How to fuck around in the gym
How to go lightER, if you must, and/or want to, productively (or not).
‘Going off my birth control has made me a hormone conspiracy theorist’
“Since I went off my hormonal birth control, I have GAINED MUSCLES and I can SEE them and I am actually able to increase my weights... I feel frustrated and a little gaslit by the medical establishment.”

@couchtobarbell, via the paid subscriber Liftcord

Eat

~Liftcord Pick of the Week: An empty-nest mama bear named Grazer won Fat Bear Week. Quoth one expert: "She hasn't had to worry about providing for anybody but herself, so she has really made some massive gains.” So say we all! ~

Poet Laureate and anorexic icon Louise Glück died this past week. I started reading this dense tome of her poems over the summer. Here she is with words for us all, especially in these times:

The tragedy of anorexia seems to me that its intent is not self-destructive, though its outcome so often is. Its intent is to construct, in the only way possible when means are so limited, a plausible self… I was afraid of psychoanalysis in conventional ways… Periodically, in the course of those seven years, I’d turn to my doctor with the old accusation: He’d make me so well, so whole, I’d never write again. Finally, he silenced me; the world, he told me, will give you sorrow enough.

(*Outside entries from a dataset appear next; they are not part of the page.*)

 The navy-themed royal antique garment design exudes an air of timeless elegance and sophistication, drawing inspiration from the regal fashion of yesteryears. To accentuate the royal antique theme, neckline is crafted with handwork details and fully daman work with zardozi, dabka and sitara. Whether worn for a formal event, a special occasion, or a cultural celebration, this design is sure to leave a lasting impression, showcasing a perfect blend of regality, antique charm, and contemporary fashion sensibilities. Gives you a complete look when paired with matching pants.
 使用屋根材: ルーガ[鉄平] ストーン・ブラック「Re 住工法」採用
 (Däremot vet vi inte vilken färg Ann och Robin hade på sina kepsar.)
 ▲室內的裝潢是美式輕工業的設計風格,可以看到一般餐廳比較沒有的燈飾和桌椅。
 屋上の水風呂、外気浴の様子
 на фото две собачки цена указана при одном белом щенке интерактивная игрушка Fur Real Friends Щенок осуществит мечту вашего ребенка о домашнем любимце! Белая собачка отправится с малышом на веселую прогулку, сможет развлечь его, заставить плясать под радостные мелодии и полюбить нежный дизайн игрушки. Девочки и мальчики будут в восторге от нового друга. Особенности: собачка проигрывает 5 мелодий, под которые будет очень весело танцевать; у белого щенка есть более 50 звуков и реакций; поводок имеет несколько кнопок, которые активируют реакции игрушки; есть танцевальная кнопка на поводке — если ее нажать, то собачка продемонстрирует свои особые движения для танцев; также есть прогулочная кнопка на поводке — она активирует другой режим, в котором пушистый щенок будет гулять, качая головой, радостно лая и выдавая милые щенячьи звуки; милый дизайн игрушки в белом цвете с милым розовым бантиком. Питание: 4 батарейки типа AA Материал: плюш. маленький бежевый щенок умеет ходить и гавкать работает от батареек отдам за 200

A thing that happens to me often now while Googling is that I just stumble upon someone’s thesis (heard a good joke once that no one ever reads your thesis except you and your advisor; not true, I’m finding them on Google). I liked the premise of this one, on Glück, from a master’s student at a Swedish University: that lyric poems are a better way to capture the experience of anorexia than memoirs, which are bound by time, place, and narrative flow.

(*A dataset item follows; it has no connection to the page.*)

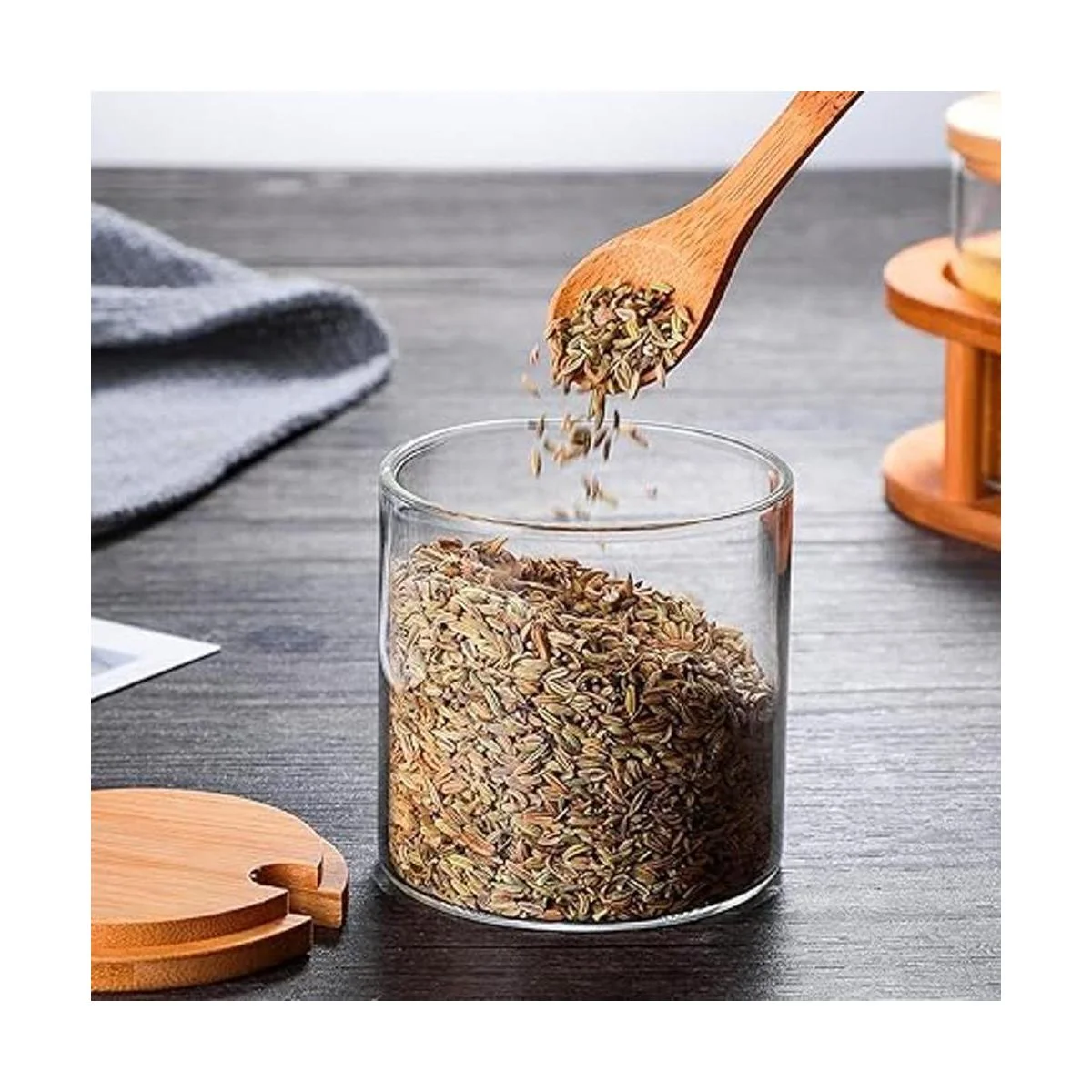 Material de alta calidad: el tarro de condimento está hecho de bambú natural y vidrio de borosilicato. Puede almacenar de forma segura tus especias y condimentos favoritos para mantenerlos lejos del polvo. También puede mantener su cocina ordenada y hermosa.

This is what my belly looks like. Honestly, I’ve been looking back at a lot of ‘00s photos lately, and it feels crazy to say that the standards for how our stomachs look have actually gotten so much higher since then.

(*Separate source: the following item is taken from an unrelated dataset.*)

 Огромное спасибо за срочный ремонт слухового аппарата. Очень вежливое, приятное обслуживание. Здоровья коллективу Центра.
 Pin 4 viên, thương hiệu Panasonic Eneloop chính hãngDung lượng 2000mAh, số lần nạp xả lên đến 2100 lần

Doing essential things makes time for everything else.

Self-checkout is a failed experiment.

An excellent (NSFW) story about Arnold Schwarzenegger at a party back in the ‘80s, via Charlie Day via Danny DeVito.

Drink

I need to shout something at teens doing intensive skincare regimens: skincare is for people with skin that no longer automatically does what your teen skin does!! Skincare products with retinoids and lighteners and stuff are for those of us whose agèd cells now only turn over at a snail’s pace, and we have to make deals with the devil and spend exorbitant amounts of money to keep shocking them back to life. (Honestly, even a lot of what we are sold is junk. Chemical exfoliant, retinoid, moisturizer, SPF, good; everything else, side-eye.)

That’s not you! Take those 25 DAILYYY minutes of your life back, I’m begging you. Put an SPF on and then go get in trouble or study for a test or kiss a boy or just drive around in your car listening to, I don’t know, 100 gecs or whatever it is you kids do. You will spend all of your long adult years feeling like you have no choice but to go through those motions, and it’ll come sooner than you’re ready. Nana Casey promises you this.


“I always say, ‘Believe everything a woman says unless she tells you her periods are normal.’”

@microscopicture

Rest

The whole Whole Earth Catalog body of work has been digitized by Internet Archive. I’ve been kind of fascinated by it ever since Steve Jobs referenced it in his Stanford commencement speech, like a fucking nerd.

How to fix the internet, by one of my faves Katie Notopoulos.

In the riot grrrl archives.

Ten documentaries to watch on Palestine.

Ursula K. LeGuin: “Dictators are always afraid of poets.”


Lastly, a programming note: I’m in the home stretch of writing my book, so things may be a little light around here for the next few weeks. However, I can reveal I am setting the dates for PLATESLAM 2023 for December 15-17 of this year. Plan accordingly! Pick your PRs, adjust your training, and start getting fired up if you want to be included in this year’s highlights reel! More details to come as the dates approach :)

PLATESLAM 2022 highlight reel ~

That’s all for this week! I love you for reading, thank you, let’s go—

[F1] Someone is going to say to me “velocity-based training,”; don’t worry, I know. Also, Crossfit.